Explain the formation of sodium chloride and calcium oxide on the basis of the concept of electron transfer from one atom to another atom.
- When sodium (Na) atom loses one electron to get octet electron configuration it forms a cation (${{Na}^{+}}$)
${ }_{ 11 }{ Na }$ ------> ${ }{ _{ 11 }{ Na } }^{ + }$+${{e}^{-}}$
- Chlorine has shortage of one electron to get octet in its valence shell.
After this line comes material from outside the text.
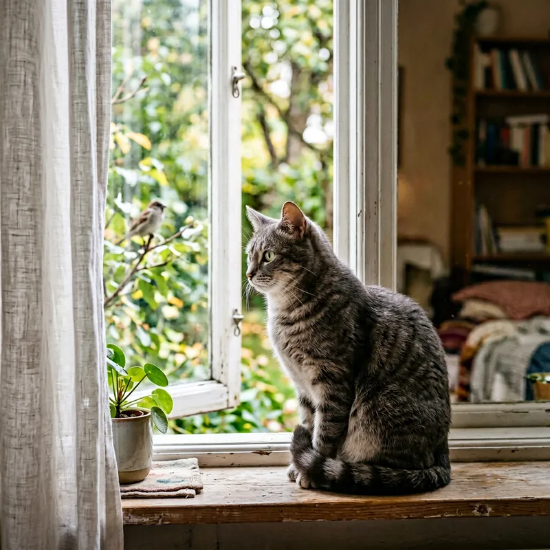 An image of a cat sitting on the windowsill, its tail curled around its paws. The cat is a short-haired breed, with soft fur of alternating stripes of dark and light grey. Its world is illuminated by a soft light filtering through the window. The eyes of the cat, green and luminous, are gazing into the distance, perhaps at a bird or squirrel outside. There's an air of tranquility about the scene, interrupted only by the faint rustling of the curtains moved by a silent breeze.
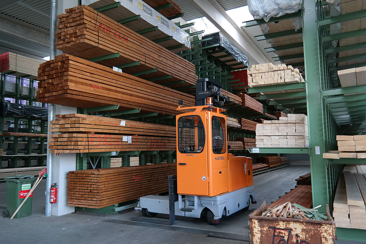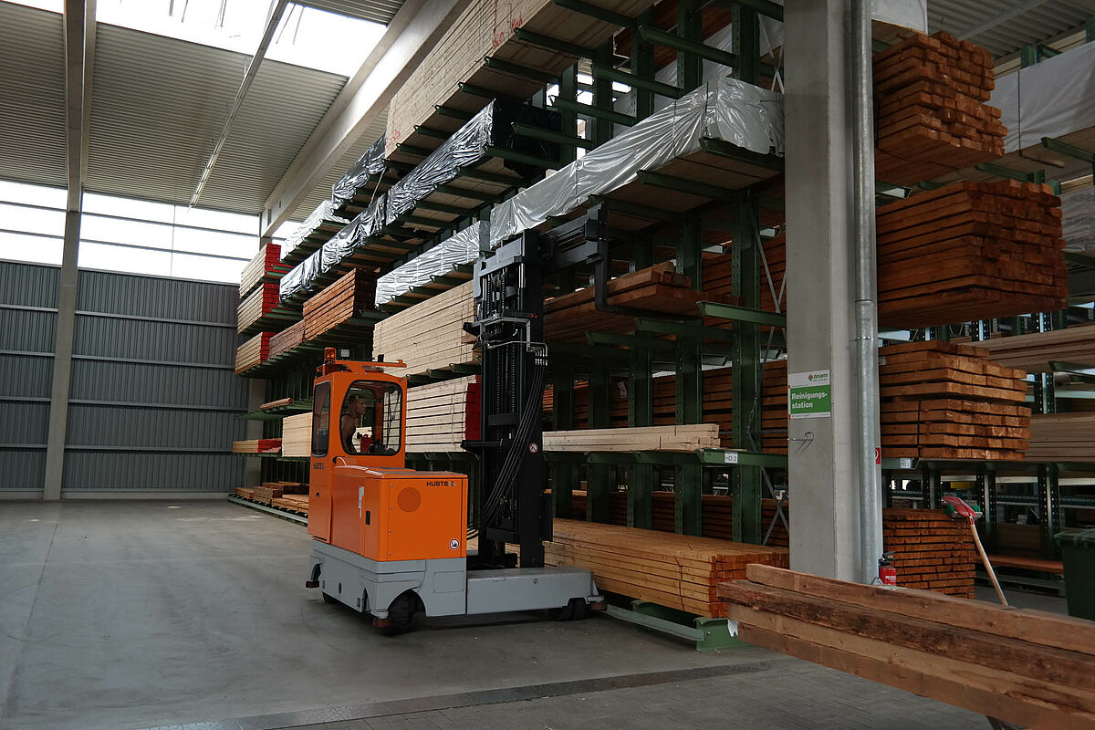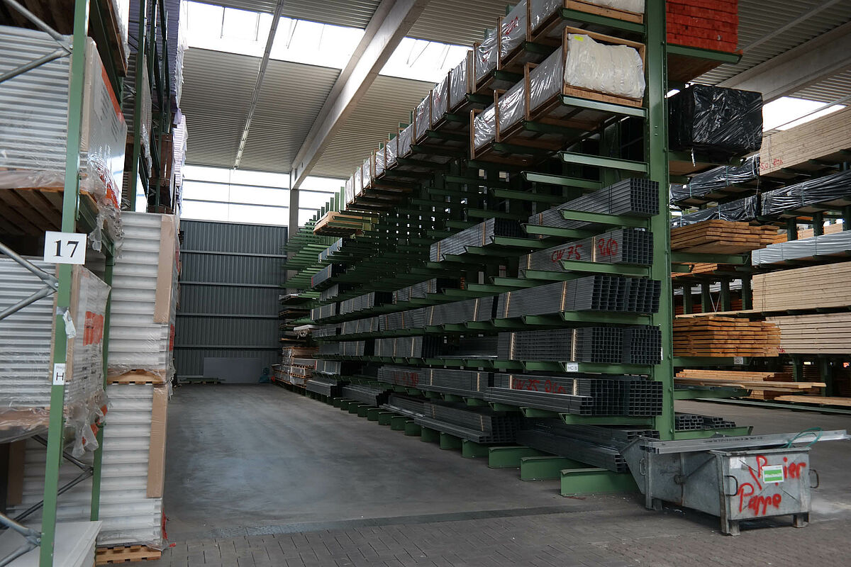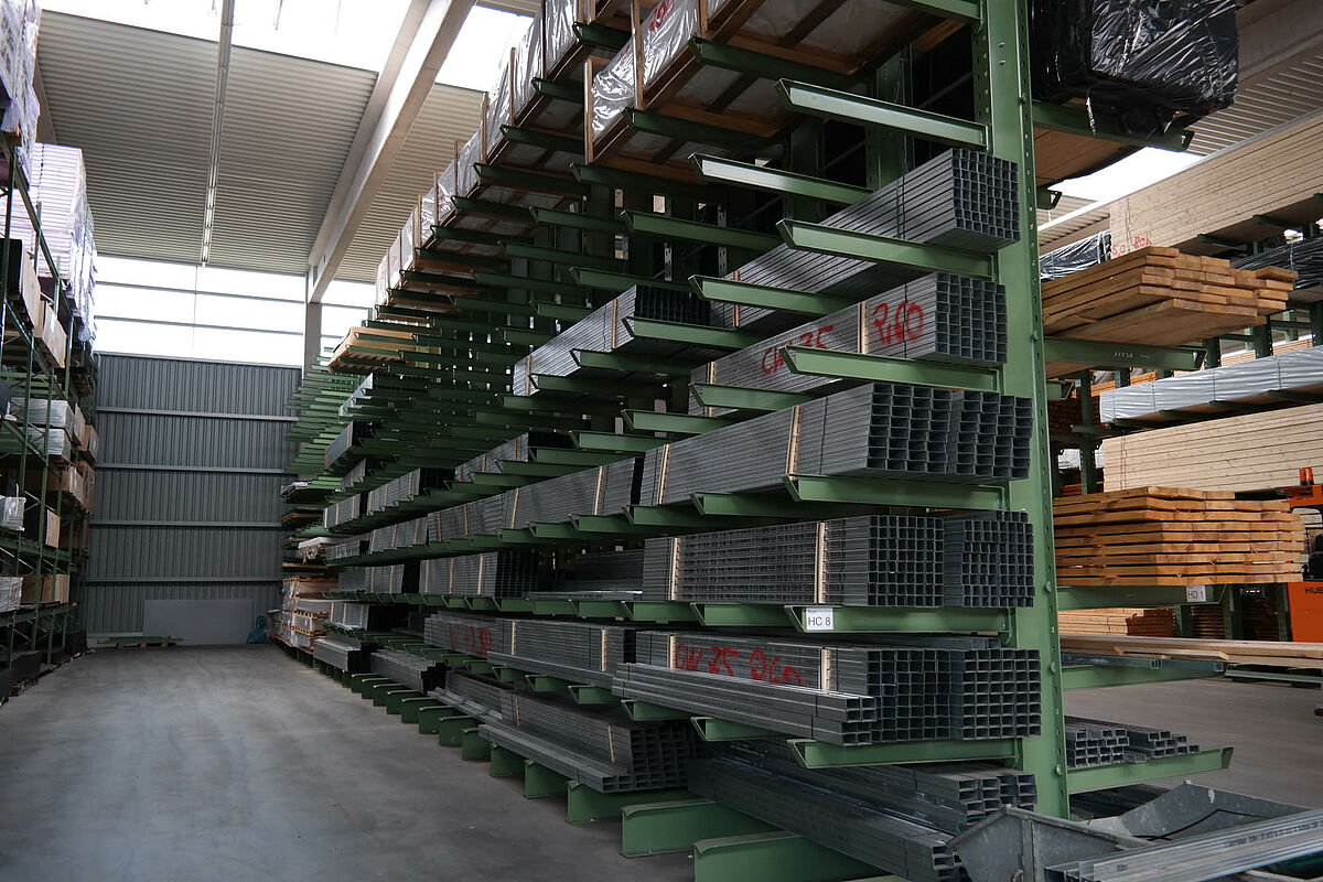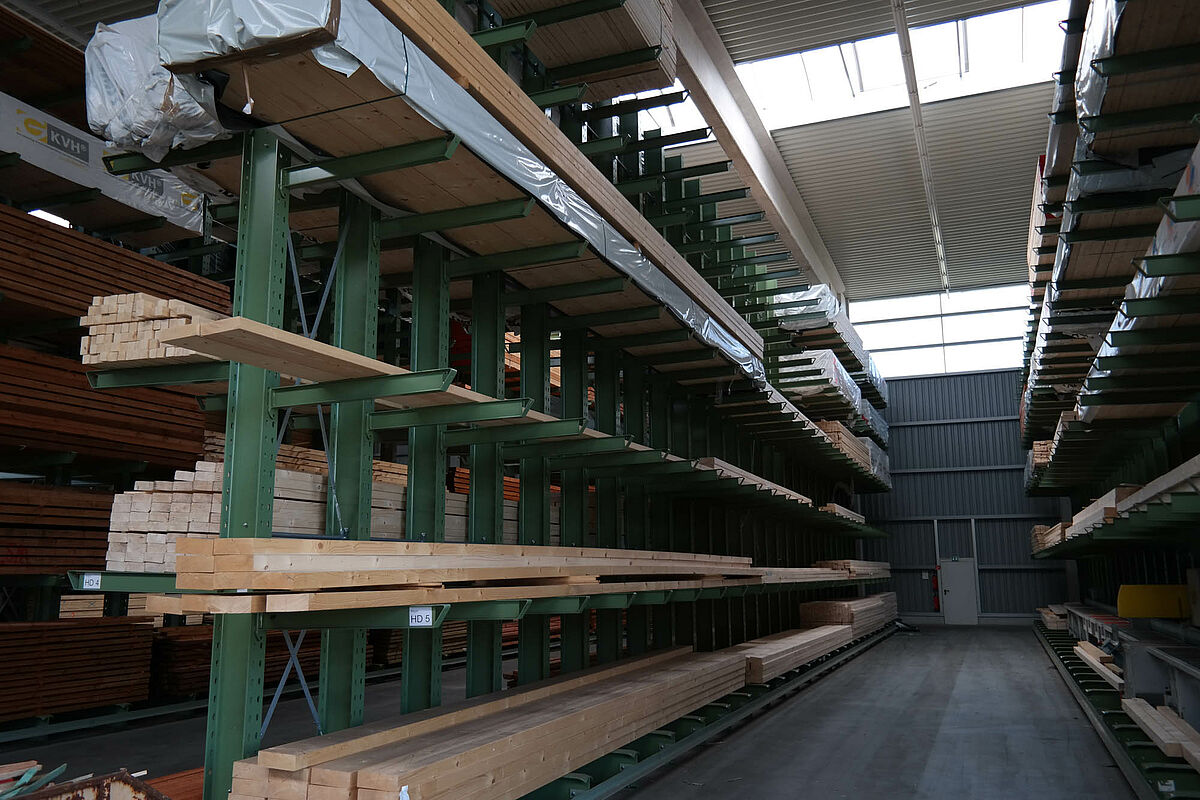 Jusqu’à ce jour, l’entreprise stockait ses matériaux de construction dans un entrepôt partiellement recouvert. Des produits en bois d’une longueur allant jusqu’à 13 mètres devaient par ailleurs être stockés à l’extérieur sur un rayonnage prévu à cet effet. Réduites, les capacités de stockage de la partie abritée ne permettaient pas de protéger entièrement le bois alors exposé aux intempéries. Le stockage en bloc de la marchandise ne permettait pas de manipuler les produits sans les endommager.

So it gains electron that was lost by Na and form anion.
${ }_{ 17 }{ Cl }$ + ${{e}^{-}}$ ----------> ${{Cl}^{-}}$
- Transfer of electrons between Na and Cl atoms they form ${{Na}^{+}}$ and ${{Cl}^{-}}$ ions.
- These oppositely charged ions get attracted towards each other due to electrostatic forces and form the compound sodium chloride (NaCl).
${{Na}^{+}}$ + ${{Cl}^{-}}$ --------> ${{Na}^{+}}$ ${{Cl}^{-}}$ or NaCl
II. Formation of Calcium Oxide :
- Calcium (Ca) atom is ready to lose two electrons to get octet electron configuration it forms a cation (${{Ca}^{2+}}$).
Ca -------> ${{Ca}^{2+}}$ + ${{2e}^{-}}$
- Oxygen (O) has shortage of two electrons to get octet in its valence shell. So it gains electron that was lost by Ca and form anion.
${ }_{ 8 }{ O }$ + ${{2e}^{-}}$ -------> ${{O}^{2-}}$
- Transfer of 2 electrons between ‘Ca’ and ‘O’ atoms form ${{Ca}^{2+}}$ and ${{O}^{2-}}$ ions.
- These oppositely charged ions get attracted towards each other due to electrostatic forces and form the compound calcium oxide (CaO).
${{Ca}^{2+}}$ + ${{O}^{2-}}$ --------> CaO